Kingston Mills, Professor of Experimental Immunology at Trinity College Dublin, believes it would be one way to provide additional protection against the Delta variant of the disease.

The strain, originally detected in India, is more transmissible and now accounts for 20% of the cases in Ireland.


Advisors to NPHET have warned that the variant could become the dominant strain by the middle of next month.

It is reported today that the Government is considering a two-week delay to the reopening of pubs and restaurants for indoor dining on July 5th.

The Business Post writes that it may be pushed back to July 19th, when international travel is set to resume.

Speaking to Newstalk, Professor Mills said the increasing prevalence of the Delta variant in Ireland is worrying.
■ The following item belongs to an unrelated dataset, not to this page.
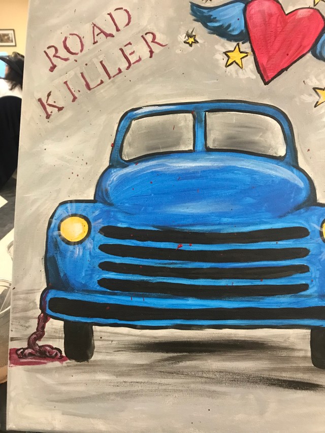 Road Killer On May 17, 2019 By MaryIn Art Tipsy Artist paint party February 2019 Share this: Click to share on Facebook (Opens in new window) Facebook Click to email a link to a friend (Opens in new window) Email Click to share on Reddit (Opens in new window) Reddit Click to share on Bluesky (Opens in new window) Bluesky Like Loading...

"I'm concerned about the growing level of the Delta variant in Ireland, and probably more concerned about it in the UK because there the numbers of the Delta variant are now at 95% of all cases," he said.
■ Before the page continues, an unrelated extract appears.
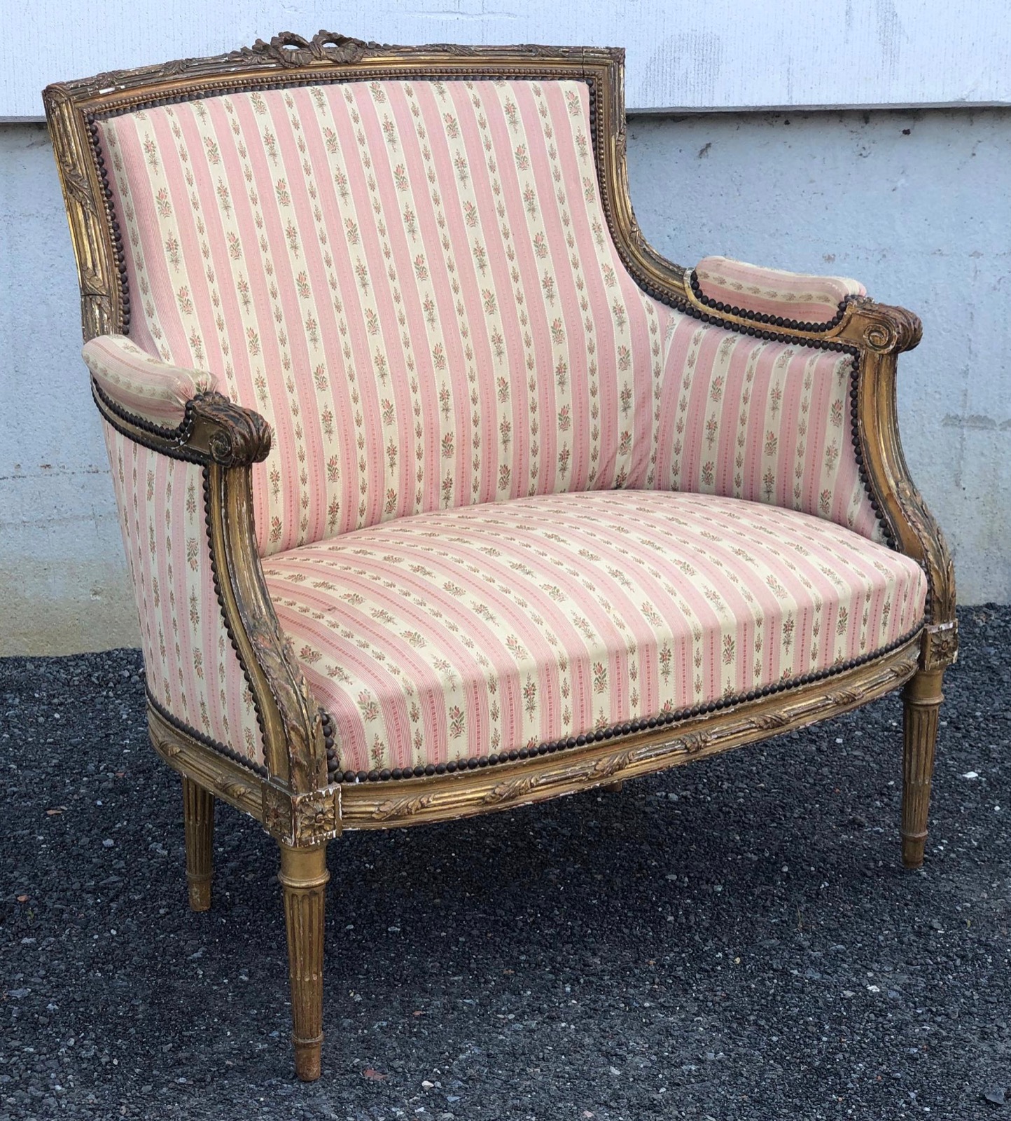 A lovely Napoleon III French oversized giltwood armchair or marquise chair or small couch. made from wood, gesso and gilt the chair is highly decorative and very rare in this size. The frame is strong and sturdy and the upholstery is in very good condition, it is also extremely comfortable.

"They've had 35,000 cases in the last week of the Delta variant and 500 of those have ended up in hospital, some of them have been vaccinated, including with two doses so that's telling us that this virus is in certain individuals escaping immunity generated by the vaccines so that's very concerning.
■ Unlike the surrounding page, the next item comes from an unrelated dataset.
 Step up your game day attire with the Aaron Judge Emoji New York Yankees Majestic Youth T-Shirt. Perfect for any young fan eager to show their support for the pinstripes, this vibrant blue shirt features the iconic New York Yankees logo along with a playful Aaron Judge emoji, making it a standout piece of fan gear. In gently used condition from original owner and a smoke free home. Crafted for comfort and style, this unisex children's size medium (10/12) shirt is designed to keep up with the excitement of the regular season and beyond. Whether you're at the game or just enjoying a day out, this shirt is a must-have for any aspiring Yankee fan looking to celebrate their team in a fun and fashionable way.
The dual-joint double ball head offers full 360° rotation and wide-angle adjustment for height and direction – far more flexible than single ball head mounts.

covid-19 A doctor dressed in a protective suit observes a PCR COVID-19 test. Photo: Xisco Navarro / SOPA Images/Sipa USA

"With the vaccine schedule at the moment, there are some issues with it in that it's fine for the under-50 group because they're getting two doses of an mRNA vaccine that are very effective against the Delta variant.

"Unfortunately then, that's not the case with the AstraZeneca vaccine and some people in their 50s to 60s and 60s to 70s and some people with underlying medical conditions are still waiting for their second dose of the AstraZeneca vaccine and they're vulnerable now at this stage because if the Delta variant increases, they could be vulnerable to getting infected and developing COVID-19

"So that's a concern for them."

Professor Mills is hopeful that NIAC will look at the possibility of giving people who received a first dose of AstraZeneca their second dose with an mRNA vaccine, such as Pfizer or Moderna.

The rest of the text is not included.